Is "hello" a thunk or in normal form?
Asked Answered
B

2

6

Both 1 and "hello" are in normal form, thus are not thunks. So why does GHCi show that "hello" is a thunk?

ghci> x = 1::Int
ghci> :sprint x
x = 1

ghci> x = "hello"::String
ghci> :sprint x
x = _

Edit: I copy a comment from my previous post that tries to explain this question

Haskell-the-language (or -standard) doesn't really define what value is a thunk, what's in normal form, etc.. All it defines are strictness semantics of functions you might call on such values. In your examples, that doesn't happen so basically the compiler is free to do anything, possibly involving heuristics that for such and such type a thunk is likely to achieve nothing but higher memory overhead.

Can anyone give me some articles or documents about this?

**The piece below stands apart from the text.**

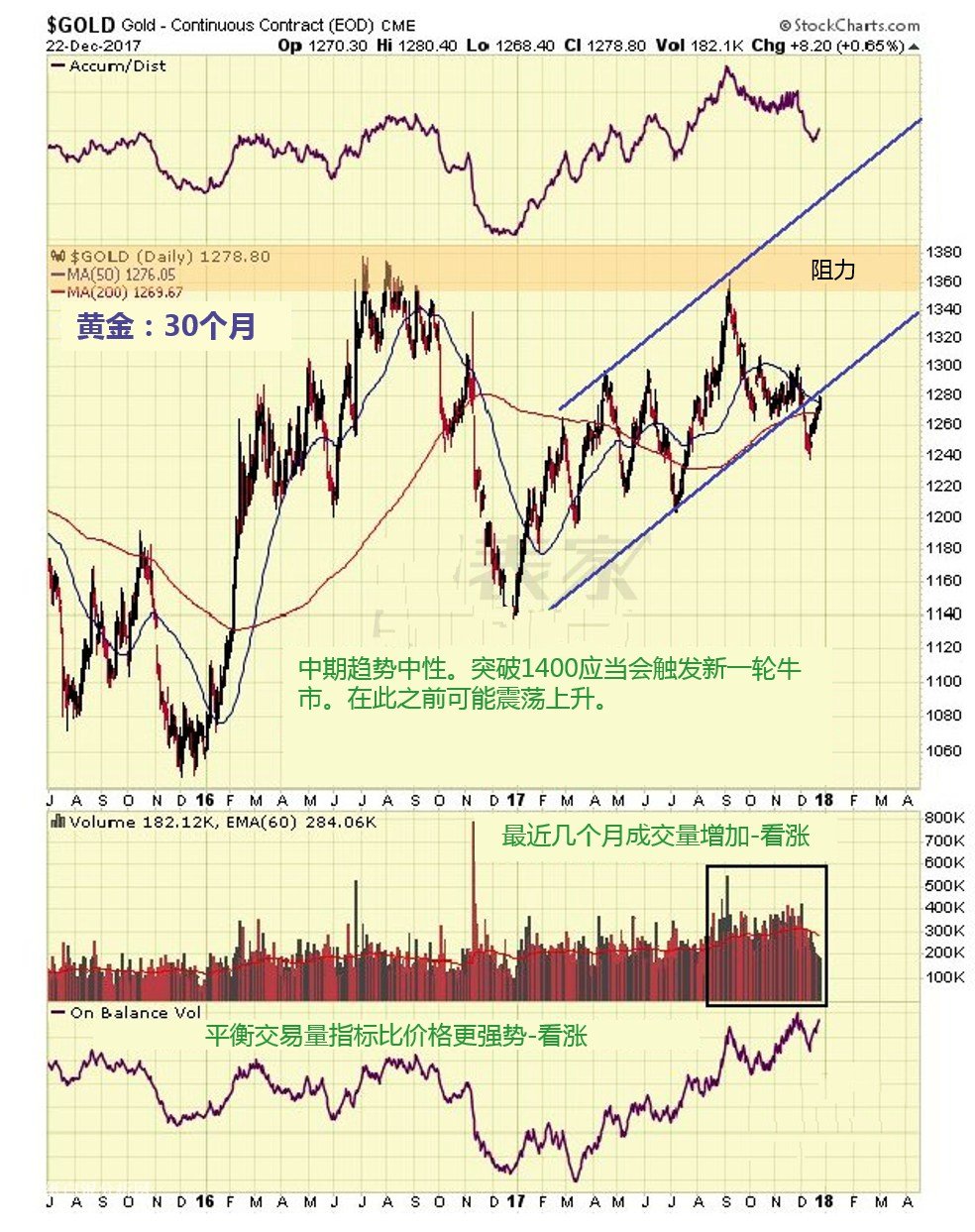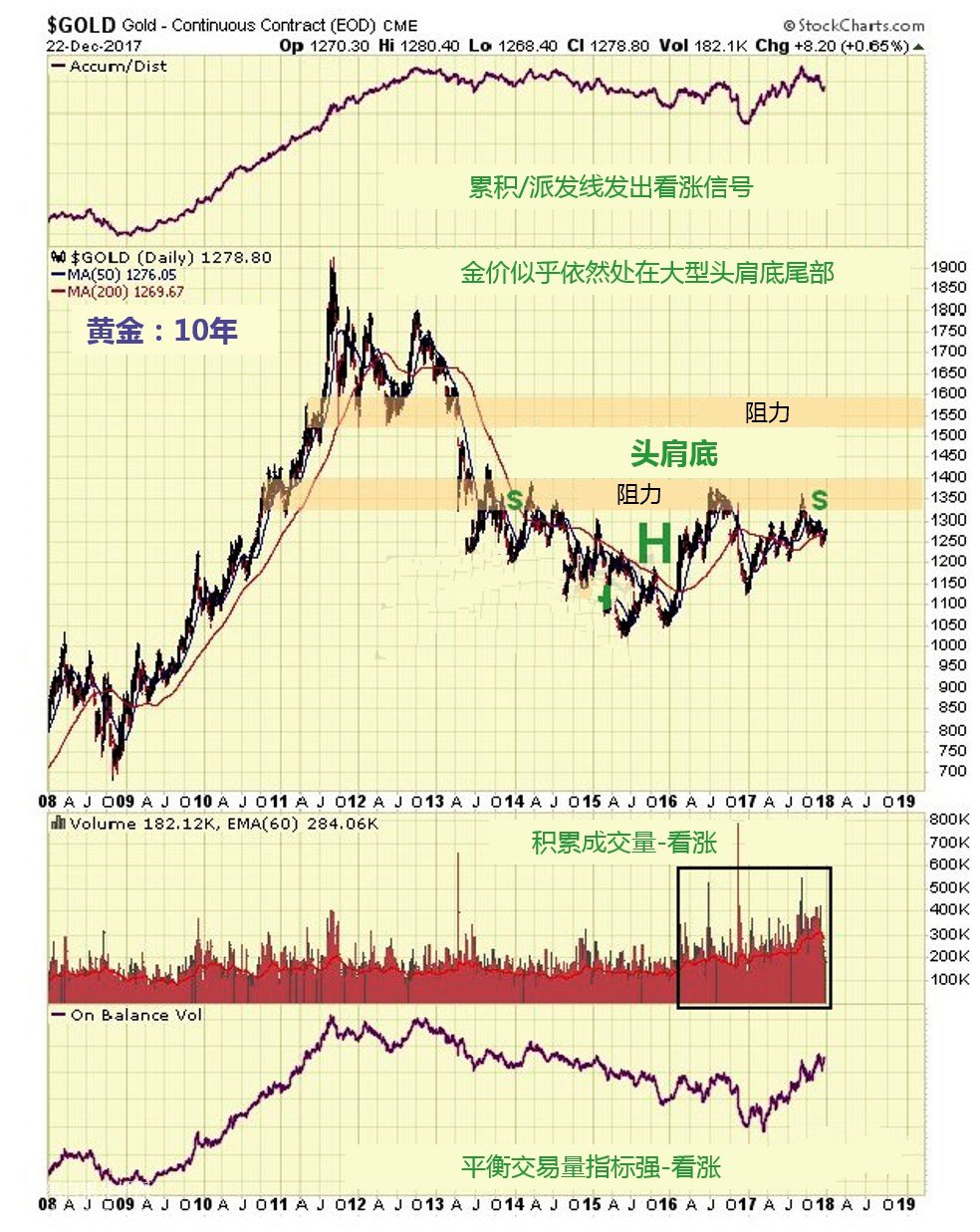 技術(shù)分析師Clive Maund表示,美元技術(shù)面看跌與黃金持倉結(jié)構(gòu)改善,為金價上漲鋪平道路。他認為,一旦金價突破1400,則意味著一段新牛市的開啟。 下圖為黃金10年日線走勢,價格目前處在頭肩底形態(tài)末尾,預計將現(xiàn)突破,這支持長期看漲的觀點。今年下半年累積的巨大交易量,以及交易量指標穩(wěn)步攀升,暗示黃金在積聚動能。若價格突破1400,則將意味著大型底部的形成,價格將步入一個新的牛市階段。 下圖為黃金30個月日線走勢,價格在2015年末觸及上述頭肩底形態(tài)低點后急速走高,與黃金股表現(xiàn)一致,但之后在去年12月跌回頭肩底右肩低點。自此以后,價格穩(wěn)步攀升,試圖擺脫整個底部形態(tài)。當前階段最好將趨勢描述為中性,直到突破價格向上突破1400。可以確信的是,突破指日可待。 下圖為黃金6個月日線走勢,本月稍早價格在跌破1260支撐后跌至200日移動均線下方,但在過去一到兩周扭轉(zhuǎn)跌勢,升向1300附近的阻力區(qū)。 ![]() 黃金6個月走勢圖 ![]() 黃金持倉 ![]() ![]() 美元指數(shù)9個月走勢圖 ![]() 查看更多紙白銀相關(guān)新聞請看:紙白銀行情新聞

Boaster answered 16/5, 2023 at 13:9 Comment(3)
why do you use :: String, do you work with the OverloadedStrings extension?Meatball
as for the "hello", this is something thatwill evaluate to a list, since "hello" evaluates to ('h':('e':('l':('l':('o':[]))))) eventually.Meatball
@WillemVanOnsem The result is the same whether you enable OverloadedStrings or not. I write :: String to make it clear that it is not related to Monomorphism restriction.Boaster
H
5

As I commented earlier, this is mostly about how GHCi decides to store values, rather than anything the Haskell standard specifies. Thunks/laziness are an implementation detail for how non-strictness is achieved, and sometimes they're also a good mental model, but not always. Strictness is all about functions and how ⊥-values are allowed or not allowed to propagate. Any wisdom about where thunks may or may not appear is mostly a by-product of that.

But there are still a couple of things that should be kept in mind on the pure value/thunk level.

Polymorphic values are always evaluated on-demand; they're basically functions with invisible arguments. In GHCi (which has the monomorphism restriction turned off by default) it's easy to define polymorphic values without meaning to, in particular number literals. Then :sprint will only ever give _.
This is not an issue in your examples though: explicitly restricting to a concrete type ensures monomorphic bindings.

As long as you're directly using plain constructors, there is a good chance that the compiler/interpreter will directly store them in normal form. It does this, for example, for something like ('a', (Just 'b','c')). But I don't think this is ever guaranteed, and usually it's irrelevant anyways because literal constructors only get you so far. All that is guaranteed is that a value defined as an outer constructor can be evaluated to WHNF without running into ⊥, but here we're again in the realm of strictness properties.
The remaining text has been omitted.